Над Бачунайскими торфяниками все чаще стали появляться советские самолеты, но ни одна бомба не упала на нас. Очевидно, наши летчики знали, что здесь живут и работают заключенные концлагерей. Бомбардировкам подвергался в основном город Шяуляй. Концлагерные ребятишки любили наблюдать эти налеты, которые часто совершались среди бела дня. Они залезали на крышу какого-нибудь барака, рассаживались там цепочкой, словно воробьи на заборе, и радостно кричали:

— Ура!.. Наши бомбят!..

Раньше бы их скосила оттуда автоматная очередь, но теперь полицейские делали вид, что не слышат этих криков: они тоже понимали, что дни немецкой оккупации сочтены, поэтому не зверствовали, как раньше, старались войти в доверие к заключенным, перекраситься.

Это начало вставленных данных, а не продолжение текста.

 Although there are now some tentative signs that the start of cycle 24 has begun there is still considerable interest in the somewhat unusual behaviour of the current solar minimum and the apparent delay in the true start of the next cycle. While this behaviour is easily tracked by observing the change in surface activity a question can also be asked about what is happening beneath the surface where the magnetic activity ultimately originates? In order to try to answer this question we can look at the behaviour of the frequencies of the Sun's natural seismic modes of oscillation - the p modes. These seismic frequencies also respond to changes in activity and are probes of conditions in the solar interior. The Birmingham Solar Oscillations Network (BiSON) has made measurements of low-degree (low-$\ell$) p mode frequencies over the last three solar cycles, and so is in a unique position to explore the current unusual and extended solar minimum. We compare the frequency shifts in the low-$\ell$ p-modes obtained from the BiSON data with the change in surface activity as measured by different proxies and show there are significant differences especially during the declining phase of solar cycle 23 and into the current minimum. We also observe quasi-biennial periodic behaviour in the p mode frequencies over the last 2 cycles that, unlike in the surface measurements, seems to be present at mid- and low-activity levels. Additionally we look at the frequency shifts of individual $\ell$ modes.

Шяуляй находился километрах в десяти от лагеря, и краснозвездные самолеты, летающие над ним, хорошо были видны с крыши пятого барака, в котором жили мы с мамой. Образуя в небе гигантский круг, накрененный к земле, они поочередно пикировали с высоты вниз, поливая город пулеметным огнем и бомбами. После нескольких таких заходов самолеты исчезали, оставив внизу море бушующего огня и черного дыма. Кто-то очень точно и верно подсказывал им цель. «Неужели Кужелисы? — думал я. — Да живы ли они? Не попали ли они, как и мы с мамой, в руки гестаповцев?.. Или под бомбежку?..»

Эти вопросы неотступно мучили меня, когда я сидел на крыше пятого барака и наблюдал, как наши самолеты бомбят Шяуляй. Мне страстно хотелось побывать там, узнать о судьбе советских партизан и о том, скоро ли придут красные и освободят нас.

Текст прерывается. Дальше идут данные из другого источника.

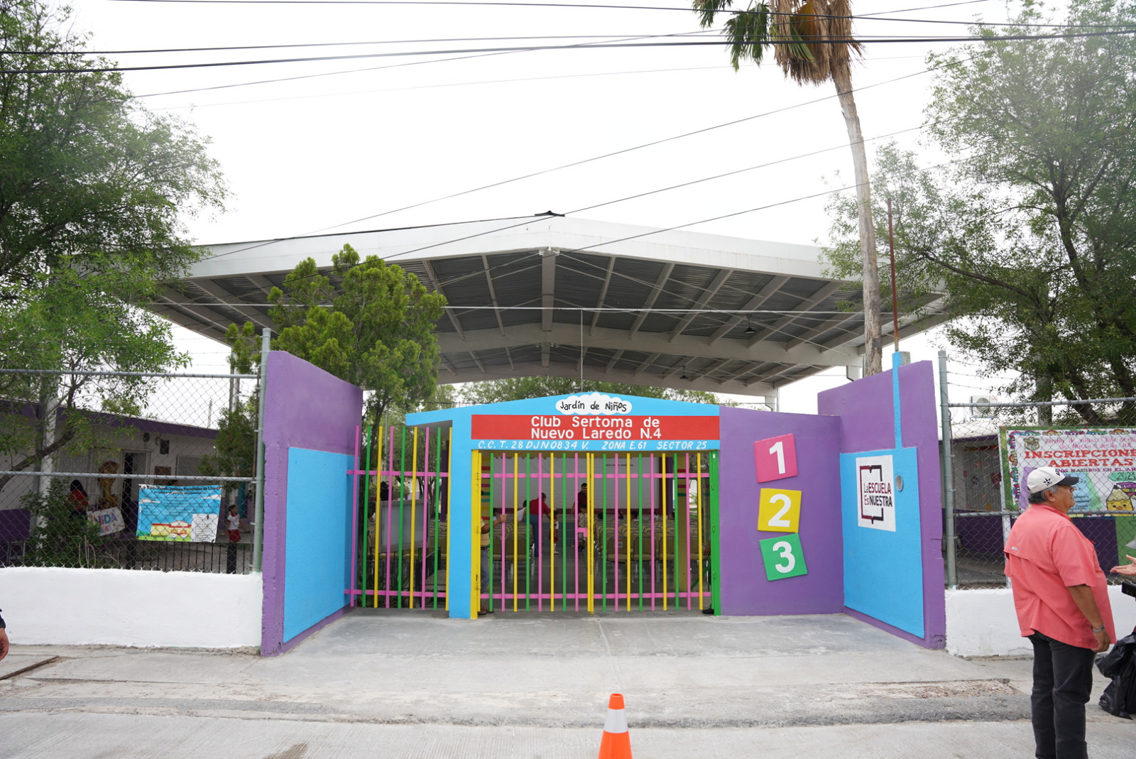 También se realizó la entrega de la rehabilitación de techumbre en el Jardín de Niños Club Sertoma Nuevo Laredo No.4, que beneficiará a 207 estudiantes que ahora contarán con un espacio seguro para la realización de actividades al aire libre. En esta obra se invirtieron 589 mil 313 pesos.

Оказывается, мама тоже хотела в Шяуляй. Но как туда пройти? На каждой дороге стоят патрули и проверяют документы.

Меня осенила идея:

— А что если пойти в нашу лечебницу и сказать, что у меня заболели глаза от сахарина. У многих пацанов от него глаза болят. Может быть, мне дадут направление в шяуляйскую больницу? — предложил я.

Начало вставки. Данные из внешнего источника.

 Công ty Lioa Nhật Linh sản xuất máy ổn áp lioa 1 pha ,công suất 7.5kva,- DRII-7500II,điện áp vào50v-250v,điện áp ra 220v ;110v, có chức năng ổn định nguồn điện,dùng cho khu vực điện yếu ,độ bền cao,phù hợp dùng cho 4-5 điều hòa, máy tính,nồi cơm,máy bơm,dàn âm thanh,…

— Может быть, — согласилась мама, — там сейчас русские врачи…

И мы решили попробовать.

Лагерный медицинский пункт находился в том же здании, где жил начальник Бачунайского участка торфяника. Его обслуживал некий фельдшер Рябов. Мы пришли к нему вместе с мамой. Я пожаловался на глаза, что у меня за последнее время сильно ухудшилось зрение. Фельдшер поверил. Но как ни высоко ценил свои врачебные способности, он не решился от плохого зрения выписать мне капли, которыми лечил лошадей, и, после долгих наших просьб, наконец согласился направить меня в поликлинику по глазным болезням в город Шяуляй. На клочке тетрадочного листа написал справку, на которой не было ни штампа, ни печати, стояла только его подпись и дата: 4 июля 1944 года. Тем не менее это был важный документ, позволявший мне отлучиться из Бачунайского концлагеря в Шяуляй для лечения глаз, и я вскоре отправился туда после долгих маминых напутствий.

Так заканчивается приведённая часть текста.